■ ACTION ITEM ■
The line containing "Mepsi Ватные палочки" marks the end: copy exactly every line from the start of the records below up to and including it, leaving out pictures.

[Data entries]
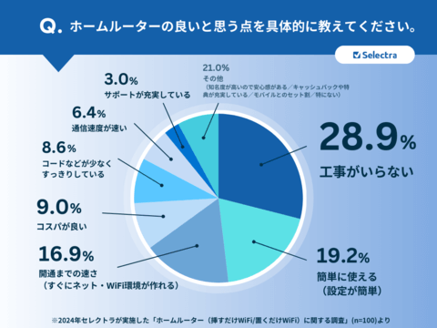 「ホームルーターの良いと思う点を具体的に教えてください」というアンケートに対し、「工事がいらない」と答えた人が28.9%、「簡単に使える」と答えた人が19.2%となり、実際に使ってみて手軽さに満足している人が多いことが読み取れます。
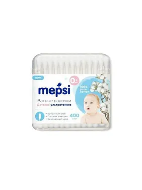 Mepsi Ватные палочки 400шт Детские ультратонкие
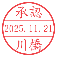 オプションの「電子透かし」をチェックし[生成]すると、見た目には分からないように、UNIXタイムスタンプを識別情報としてPNG形式の日付印に埋め込みます。 日付スタンプメーカーの使い方「部署」「名前」は最大8文字まで入力が可能です。「スタンプの色」を選択し、[生成]ボタン押下で印影画像が更新され、背景を透明に設定したPNG形式とPDF形式の印影画像がリンクからダウンロードできます。 オプションの「電子透かし」は、その性格上日付印ととても相性の良い付加サービスです。 別ページの「タイムスタンプと電子透かし」でも詳しく解説しますが、このオプションを追加することで、日付印が生成された日時に確かにその印が存在していることが証明されます。 ![]() 川橋さんの電子印鑑が作れます。社内でのデータ書類閲覧確認用など、認印的な使い方のできる電子印鑑が作れます。 ![]() 古代文字で落款印が作れます。「落款スタンプメーカー」で作品を引き立たせる落款印が作れます。
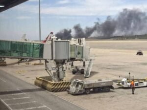 Videos grabados por pasajeros y personal del aeropuerto mostraron una columna de humo saliendo de la pista de Maiquetía minutos después del impacto.
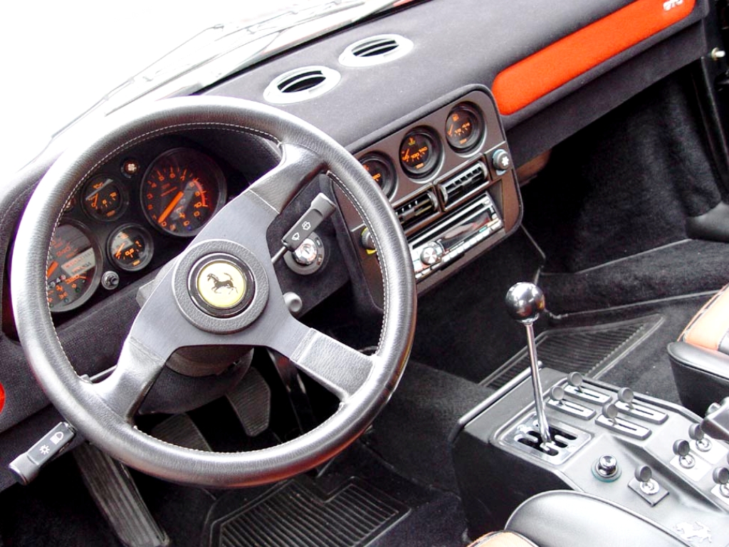 of 2557 lb 'dry' weight. (… so quite different to a 308) LHD 2-seat Berlinetta by Pininfarina, 0.38 Cd, utilising 'rosso' Kevlar composites and aluminium doors (some cars had steel doors) on a tubular steel space-frame created by Ferrari F1 designer Harvey Postlethwaite. Looks fantastic even in negative ... Double-click thumbnails
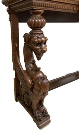 This is an antique table in good condition with Griffin figures on each side. 55"x16"x30". $2500.
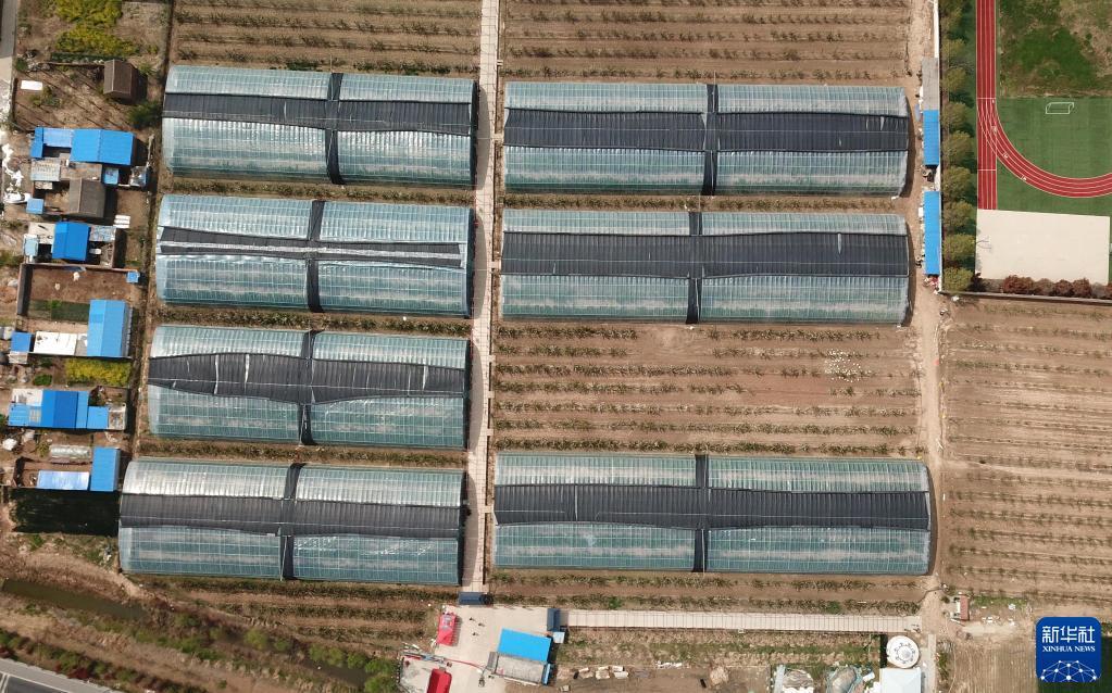 4月8日拍攝的一處位于山東省成武縣南魯集鎮的大棚櫻桃種植園(無(wú)人機照片)。
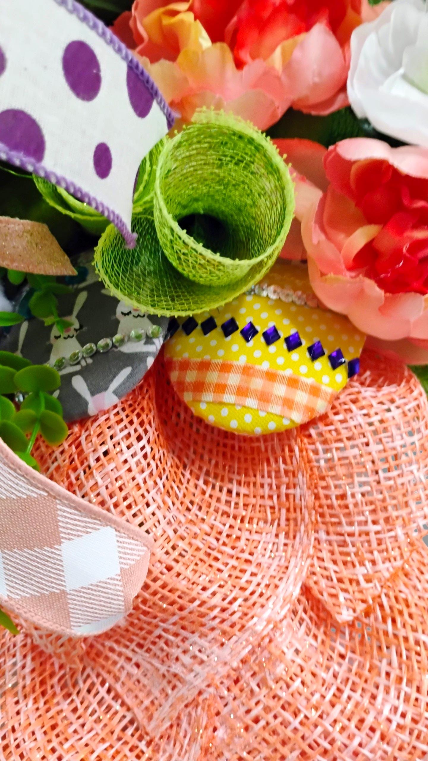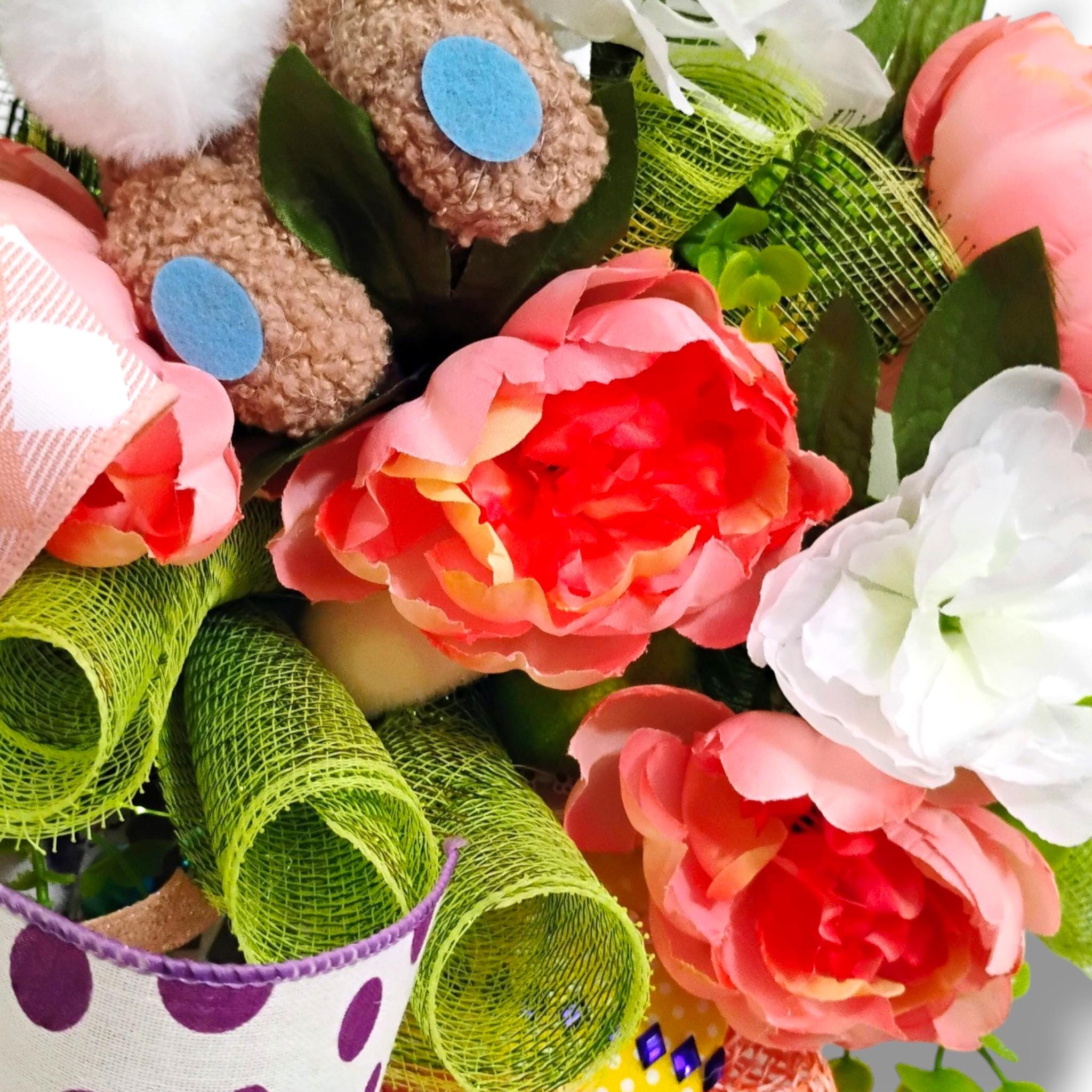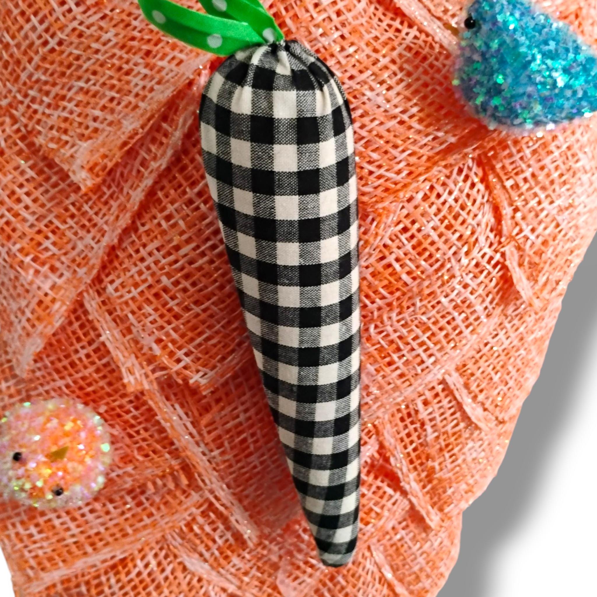 This handcrafted Easter carrot swag features a bright textured carrot design topped with spring florals, a whimsical bunny accent, and a layered designer ribbon bow. The unique carrot shape makes this wreath a fun and eye-catching decoration for Easter and spring.
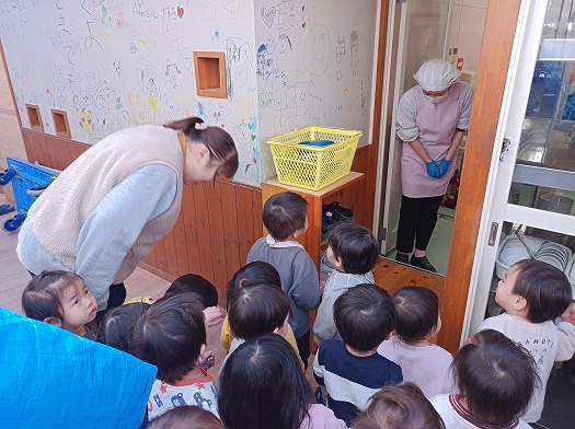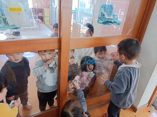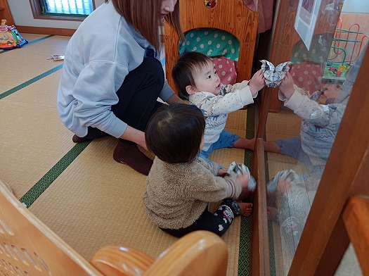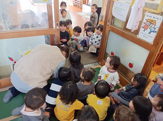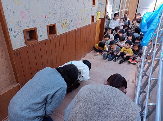 保育者が「今年は大変お世話になりました」「良いお年をお過ごし下さい」と言っているのを始めは不思議そうに見ていたこどもたちでしたが、各クラスを回るうちに一緒にお辞儀をする姿も見られました。
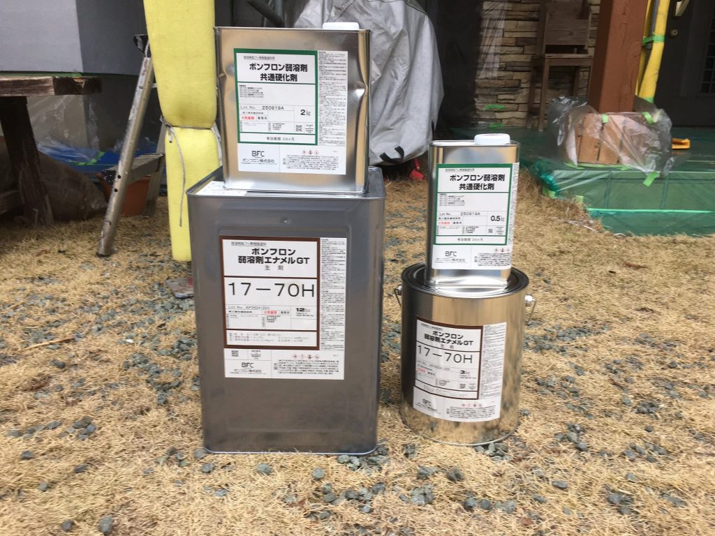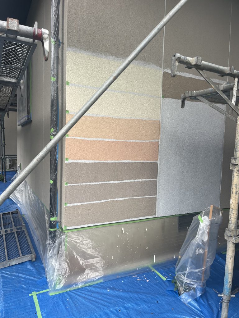 大変お世話になります。本日は朝より乗り込ませて頂きサンプル塗料塗布を行なっております。

■ RESPONSE AREA ■
 「ホームルーターの良いと思う点を具体的に教えてください」というアンケートに対し、「工事がいらない」と答えた人が28.9%、「簡単に使える」と答えた人が19.2%となり、実際に使ってみて手軽さに満足している人が多いことが読み取れます。
 Mepsi Ватные палочки 400шт Детские ультратонкие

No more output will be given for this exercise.